((

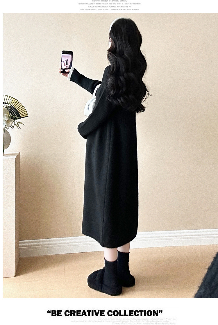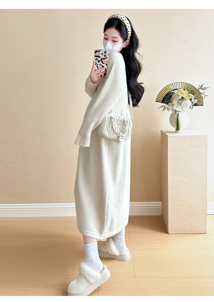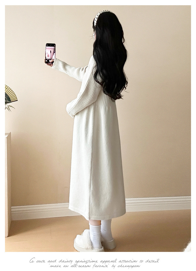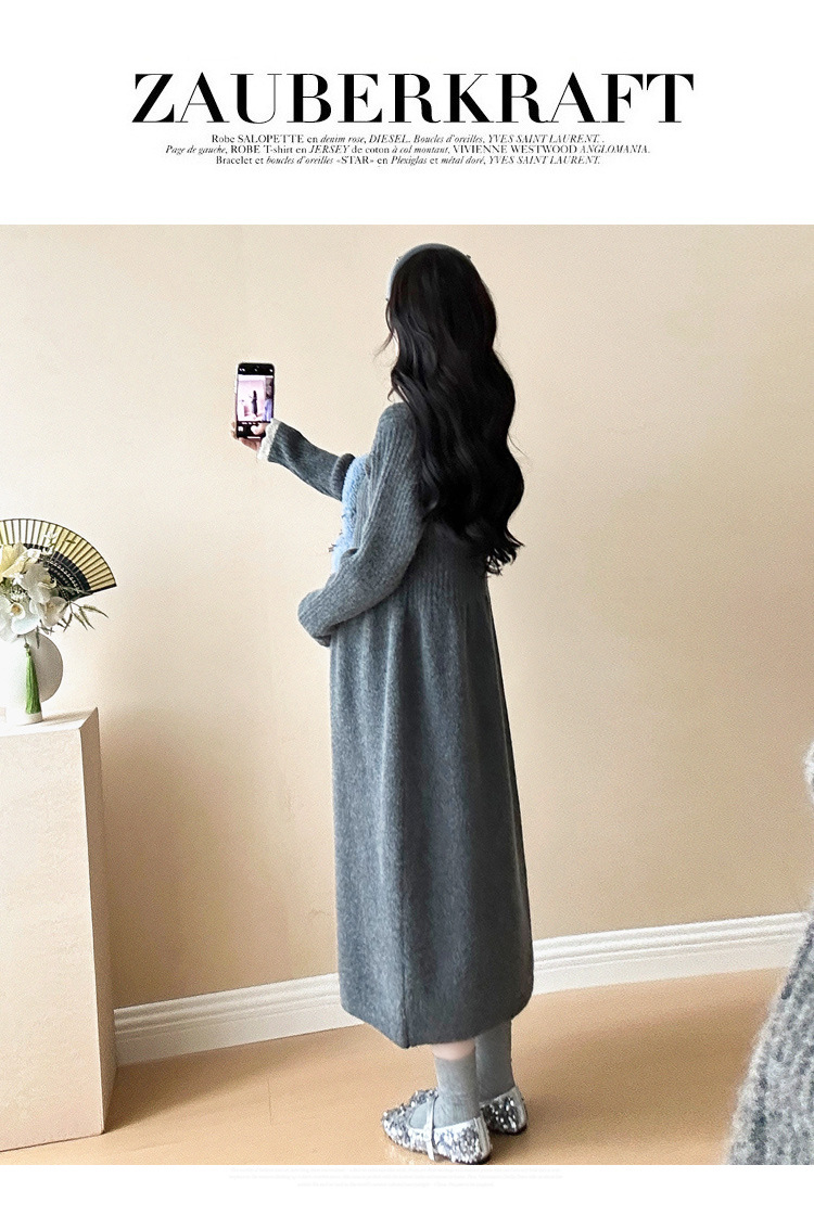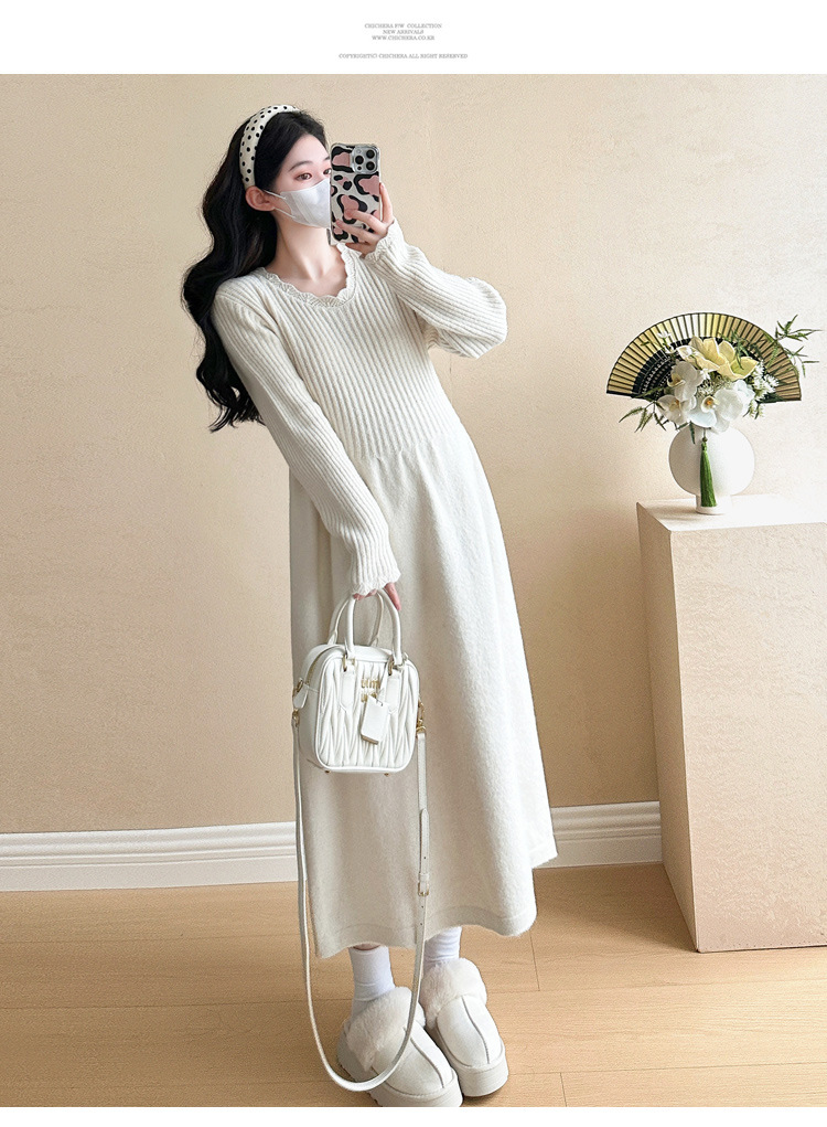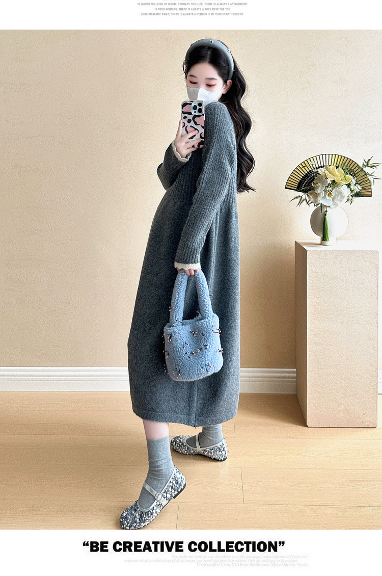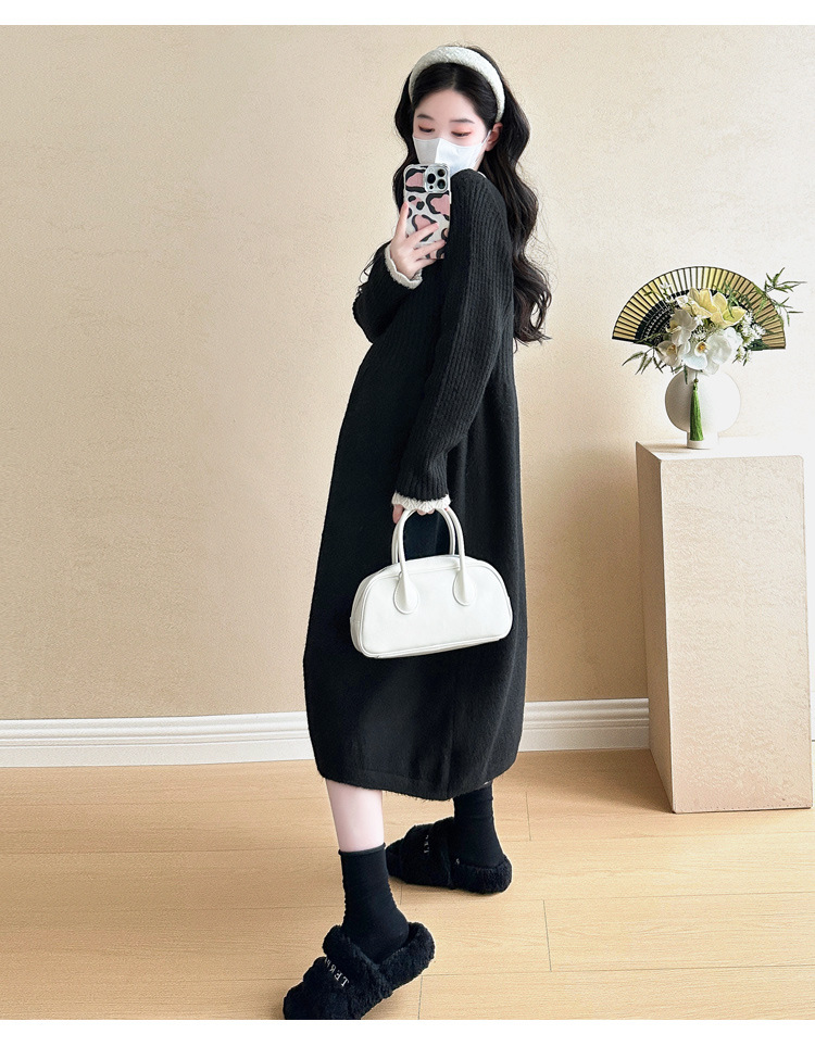 Одежда для беременных осенью и зимой трикотажное платье с длинными рукавами 2024 новая корейская версия сладкого кружева сшивания тонкая нижняя юбка
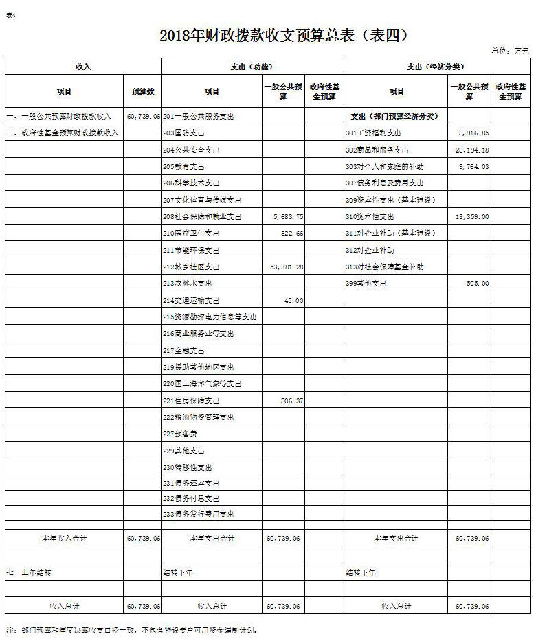2018年财政拨款(补助)预算数60739.06万元,比2017年财政预算拨款收入36759.08万元增加23979.98万元,增幅65%,安排情况如下:
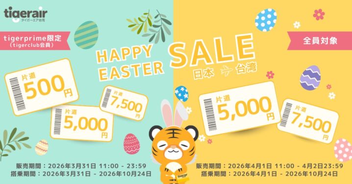 タイガーエア台湾は2026年3月31日11時から、台湾線がお得になる「ハッピーイースターSALE」を実施しています。 今回のセールは2回に分けて実施されます。 3月31日11時〜23時59分のセール(tig…
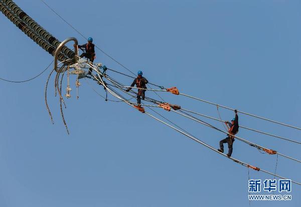 5月30日,施工人员在江苏省淮安市盱眙县王店乡境内的百米高空中作业。 在位于江苏中部的盱眙县“淮南-南京-上海”1000千伏特高压工程建设现场,有数百名施工人员在距地面百米左右的铁塔、线缆上作业,犹如特高压建设的“高空舞者”。 “淮南-南京-上海”1000千伏特高压工程全长759公里,是国家大气污染防治行动计划的重点输电通道之一,计划于2016年建成投运。 新华社发(周海军 摄)
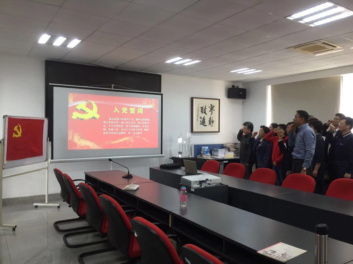 活动第一部分,白菜论坛 四个教工党支部分批次在敏达516开展入党宣誓活动。由各教工党支部书记带领支部党员教师面向党旗,重温入党誓词。
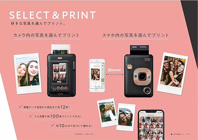 インスタントカメラの中にはモバイルフォトプリンターのように使用できるタイプもあり、撮ったその場でプリントできるうえ、microSDやBluetooth接続を利用してスマホ転送された写真のプリントもできます。
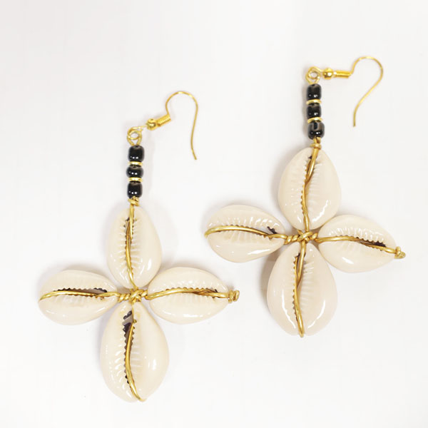 These earrings are made using authentic cowrie shells, handcrafted into a unique star shape for a cultural and stylish design.

))

> _Exercise objective_
Every line from the one bearing "2018年财政拨款(补助)预" through the end of the data above must be output exactly, and no picture may appear.

> _Result of the exercise_
2018年财政拨款(补助)预算数60739.06万元,比2017年财政预算拨款收入36759.08万元增加23979.98万元,增幅65%,安排情况如下:
 タイガーエア台湾は2026年3月31日11時から、台湾線がお得になる「ハッピーイースターSALE」を実施しています。 今回のセールは2回に分けて実施されます。 3月31日11時〜23時59分のセール(tig…
 5月30日,施工人员在江苏省淮安市盱眙县王店乡境内的百米高空中作业。 在位于江苏中部的盱眙县“淮南-南京-上海”1000千伏特高压工程建设现场,有数百名施工人员在距地面百米左右的铁塔、线缆上作业,犹如特高压建设的“高空舞者”。 “淮南-南京-上海”1000千伏特高压工程全长759公里,是国家大气污染防治行动计划的重点输电通道之一,计划于2016年建成投运。 新华社发(周海军 摄)
 活动第一部分,白菜论坛 四个教工党支部分批次在敏达516开展入党宣誓活动。由各教工党支部书记带领支部党员教师面向党旗,重温入党誓词。
 インスタントカメラの中にはモバイルフォトプリンターのように使用できるタイプもあり、撮ったその場でプリントできるうえ、microSDやBluetooth接続を利用してスマホ転送された写真のプリントもできます。
 These earrings are made using authentic cowrie shells, handcrafted into a unique star shape for a cultural and stylish design.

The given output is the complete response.